The slip shear failure along rock discontinuities is one of the predominant failure modes of landslides. To simulate impact shear loads during landslide and rockburst, an experimental method is presented to achieve the dynamic shear load in a direct shear testing configuration. The dynamic loading system is derived from the SHPB methodology and can provide high shear velocities around 1–10 m/s. Dynamic direct shear experiments on rough rock discontinuities are conducted by using a dynamic shear apparatus combined with a high-speed digital camera.
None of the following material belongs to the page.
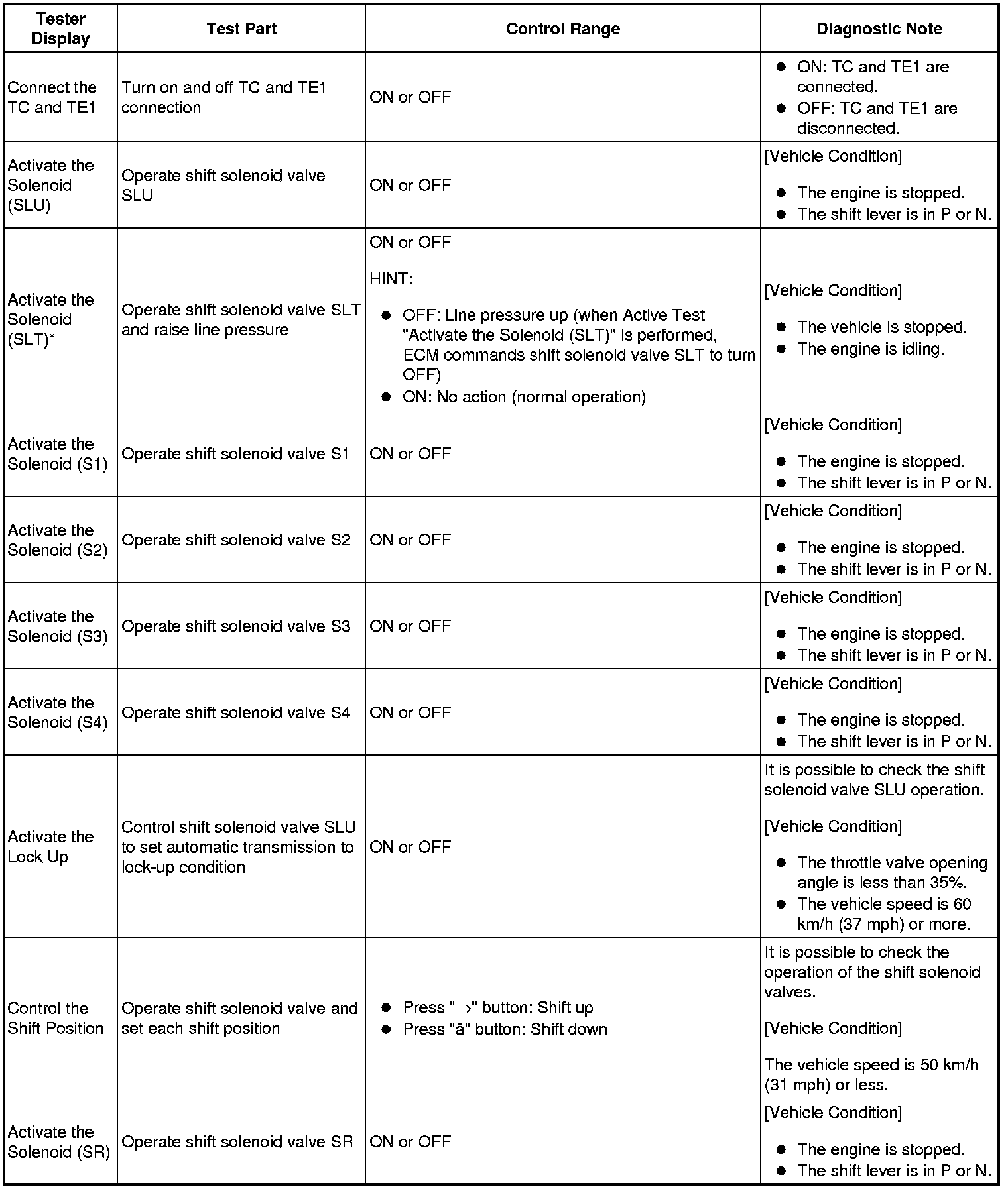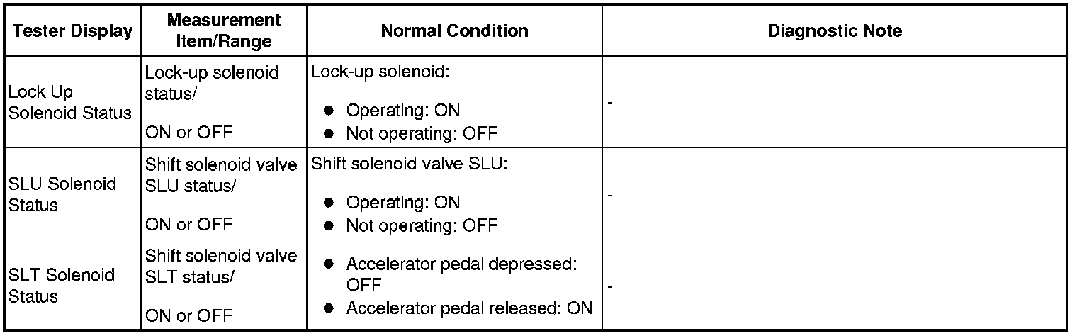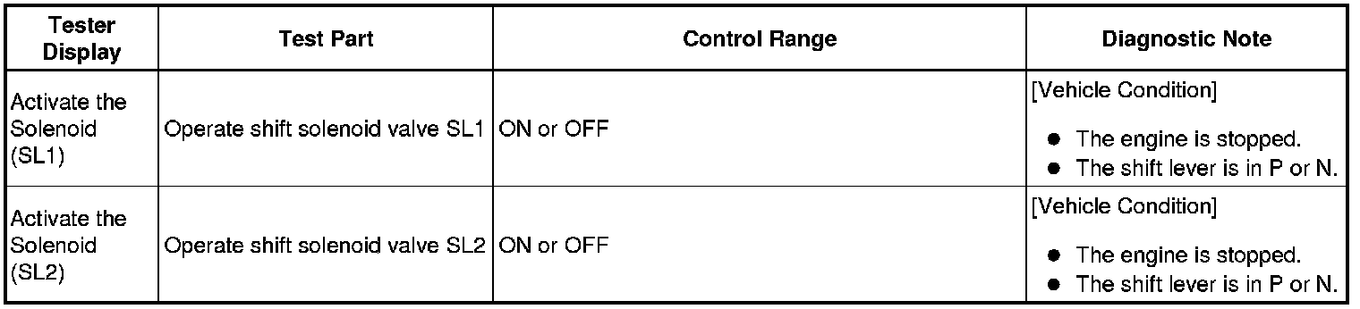 HINT: *: Activate the Solenoid (SLT) in the Active Test is performed to check the line pressure changes by connecting SST to the automatic transmission, which is used in the Hydraulic Test Hydraulic Test as well. Note that the pressure values in the Active Test and hydraulic test are different.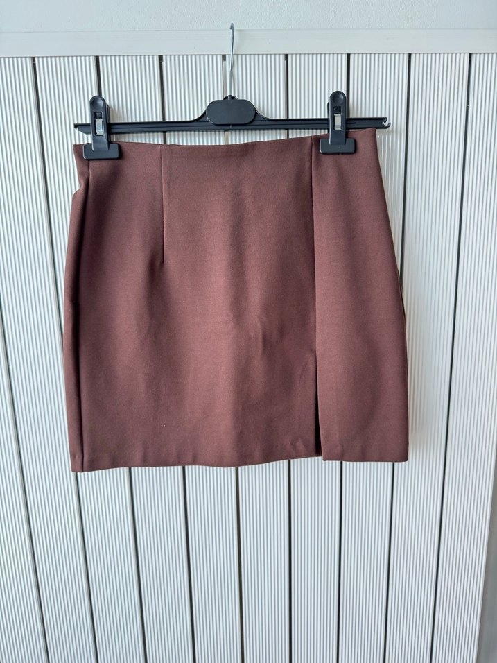 Kahverengi mini etek, vücuda oturan kesimi ve düz deseniyle günlük sokak stiline uygun, yumuşak sentetik kumaştan yapılmıştır.

The effects of shear velocity and normal stress on the slip displacement, slip velocity and slip acceleration of rough rock discontinuities are analyzed using a two-dimensional digital image correlation (DIC) technique. It is observed that the rate of the slip is linearly proportional to the shear velocity and decreases with the increasing normal stress. Using the DIC method, the strain at failing asperities is calculated as a function of the shear velocity and the normal stress. The micro-structural characteristics of the shear zone formed in the slip failure is examined to understand the slip failure mode. Moreover, the dynamic viscous is added to the static Barton's shear strength criterion and the damage evolution occurred at the asperities due to the dynamic loading is introduced by means of a damage control parameter D. Thereafter, a dynamic failure criterion is developed by considering both surface roughness and dynamic loading. The failure model can provide a good prediction of the experimental data, indicating that the proposed models can describe well the dynamic shear process of rock discontinuities under high velocity impact.

沿岩石不连续面的滑动剪切破坏是滑坡的主要破坏模式之一。模拟滑坡和岩爆期间的冲击剪切载荷，提出了一种在直接剪切测试配置中实现动态剪切载荷的实验方法。动态加载系统源自 SHPB 方法，可以提供大约 1-10 m/s 的高剪切速度。利用动态剪切仪结合高速数码相机对粗糙岩石不连续面进行动态直剪试验。使用二维数字图像相关 (DIC) 技术分析剪切速度和法向应力对粗糙岩石不连续性的滑动位移、滑动速度和滑动加速度的影响。观察到滑移率与剪切速度成线性正比，并随着法向应力的增加而减小. 使用 DIC 方法，可将失效粗糙处的应变计算为剪切速度和法向应力的函数。检查滑动破坏中形成的剪切带的微观结构特征以了解滑动破坏模式。此外，动态粘性被添加到静态巴顿剪切强度准则中，并且通过损伤控制参数D引入了由于动态载荷而在粗糙处发生的损伤演变。此后，通过考虑表面粗糙度和动态载荷，开发了动态失效准则。该破坏模型对实验数据具有较好的预测性，表明所提出的模型能够很好地描述高速冲击下岩石不连续性的动态剪切过程。